No direct provision was made in the budget for making Lend-Lease aid available to Italy, but pursuant to arrangements with the Army, Congress approved the transfer of $10 million from Lend-Lease appropriations to the Army to permit the continuation of its program for the prevention of disease and unrest for a period of four months beyond August 31, the date to which the Army was financing its own program.
Outside of the $50 million which had meanwhile been authorized for relief in Italy by UNRRA, no funds were available beyond the amount transferred to the Army for its use in dealing with the situation in Italy. This called for a rehabilitation program outside the scope of the Lend-Lease Act.
In Poland, Yugoslavia, Czechoslovakia, and Greece there were no provisions for Lend-Lease because none of these countries was either participating in the war with Japan or aiding in the redeployment of American troops. UNRRA was operating in those countries, and partial immediate relief was being furnished, but no method existed by which these countries might finance the materials and supplies which they needed to restore their industry and transportation facilities.
To meet these conditions, I recommended an expansion of the Export-Import Bank.
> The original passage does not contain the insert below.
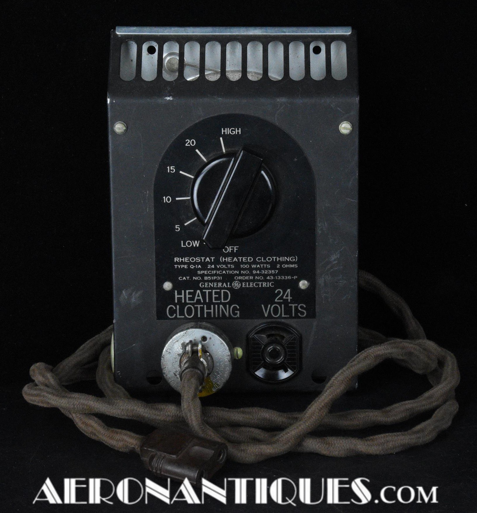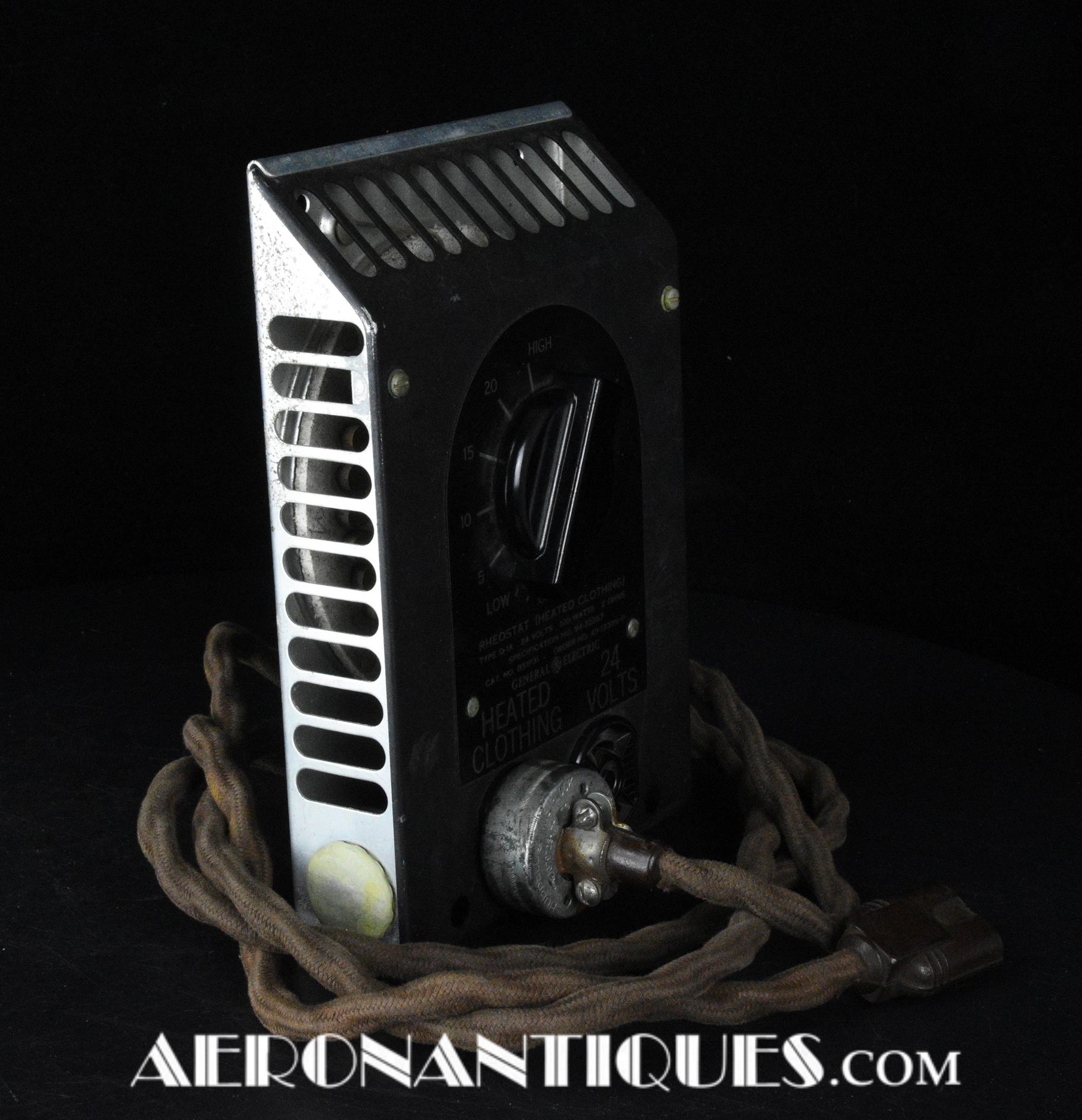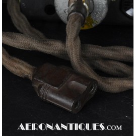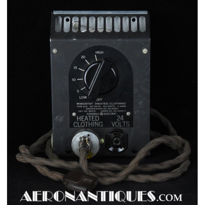 Rhéostat pour combinaisons de vol électrique chauffantes (modèle F-1, F-2). Fabrication Américaine par General Electric. Contrat de 1943. Il est accompagné du très rare cordon permettant de faire la liaison entre l'ensemble chauffant et le module de réglage. Excellent état.

I suggested an increase of the Bank’s lending power to $3.5 billion, which would make available an additional $2.8 billion that could be loaned during the coming year. This amount, I believed, was sufficient for the needs that could reasonably be met during that period. Once we had some experience in lending this money in postwar Europe, I felt that we would be in a much better position to make an intelligent presentation to the Congress as to the needs of various European countries for financial aid.
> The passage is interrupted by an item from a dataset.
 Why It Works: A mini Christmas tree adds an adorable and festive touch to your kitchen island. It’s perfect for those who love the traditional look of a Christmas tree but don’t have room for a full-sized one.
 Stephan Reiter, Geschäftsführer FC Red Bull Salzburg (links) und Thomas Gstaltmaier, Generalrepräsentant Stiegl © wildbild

It was my plan to go to Congress with a request for funds that would be necessary to meet each year’s needs rather than to make long-term commitments that would involve this country in obligations to finance a foreign country by making disbursements over a long period of time.
I made a fundamental distinction between powers that I requested during wartime and those that I expected during peacetime. As I mentioned before in connection with Lend-Lease appropriations, I felt all along that Congress should have given the President authority there for the duration of hostilities instead of renewing the legislation periodically.
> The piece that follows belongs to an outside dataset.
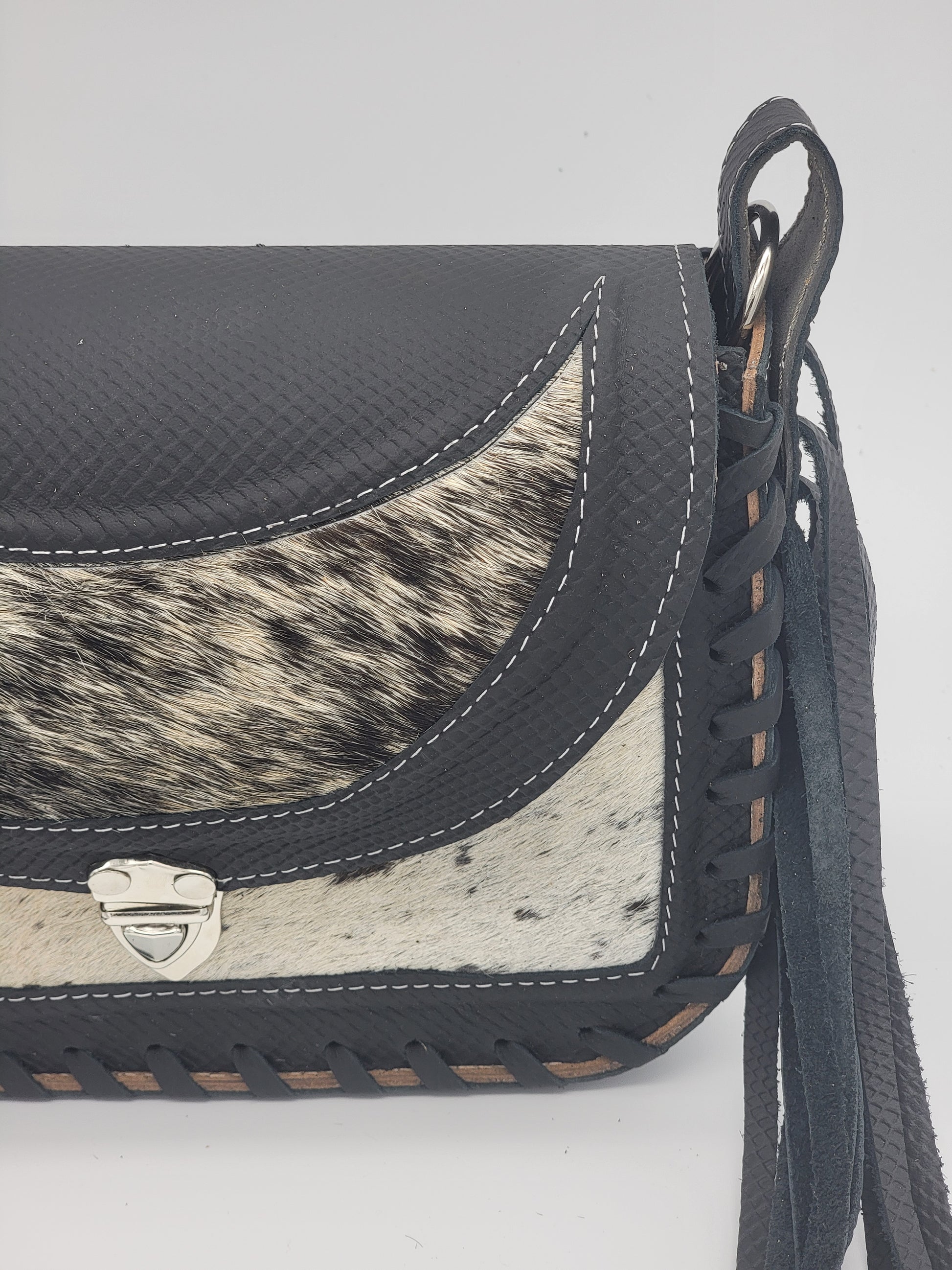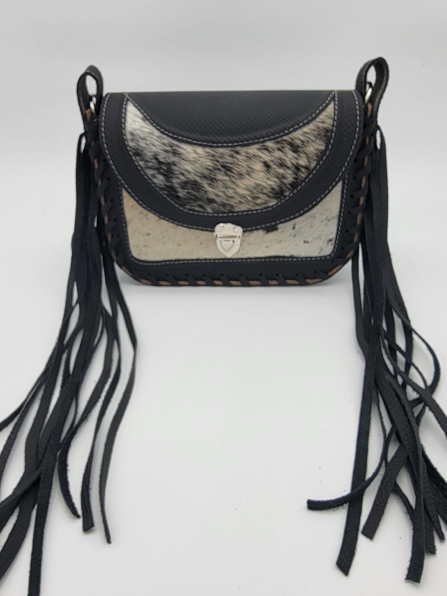 High quality, durable 100% leather and half moon cowhide handmade crossbody purse. Black with white/brown hide. Studded. Fashionable fringe, matching leather strap. No interior pockets. You will be the envy of everyone with this purse.

When a nation is at war, its leader, who has the responsibility of winning the war, ought to have all the tools available for that purpose. I felt that it was imperative, in dealing with the postwar requirements of Europe, that the United States develop a well-rounded coordinated policy rather than attempt to do an unintegrated job through a misuse of Lend-Lease.
When the conflict was all over, and we had reached the point where the emergency war powers expired, we would be faced with the problems of rehabilitation of many areas of the world. But a European recovery program would be an entirely different matter from wartime Lend-Lease. I thought at the time that this could be handled on the basis of the information which could be sent to the Congress and reviewed year by year as economic conditions improved.
The story of Lend-Lease is a monument to the genius of Franklin Roosevelt. A President could no more get the Congress to make an outright loan of $42 billion to foreign countries, even to win a war, than he could fly to the moon, but Roosevelt accomplished the same thing through the idea of Lend-Lease. The money spent for Lend-Lease unquestionably meant the saving of a great many American lives. Every soldier of Russia, England, and Australia, who had been equipped by Lend-Lease means to go into that war reduced by that much the dangers that faced our young men in the winning of it. We may never get the money back, but the lives we saved are right here in America.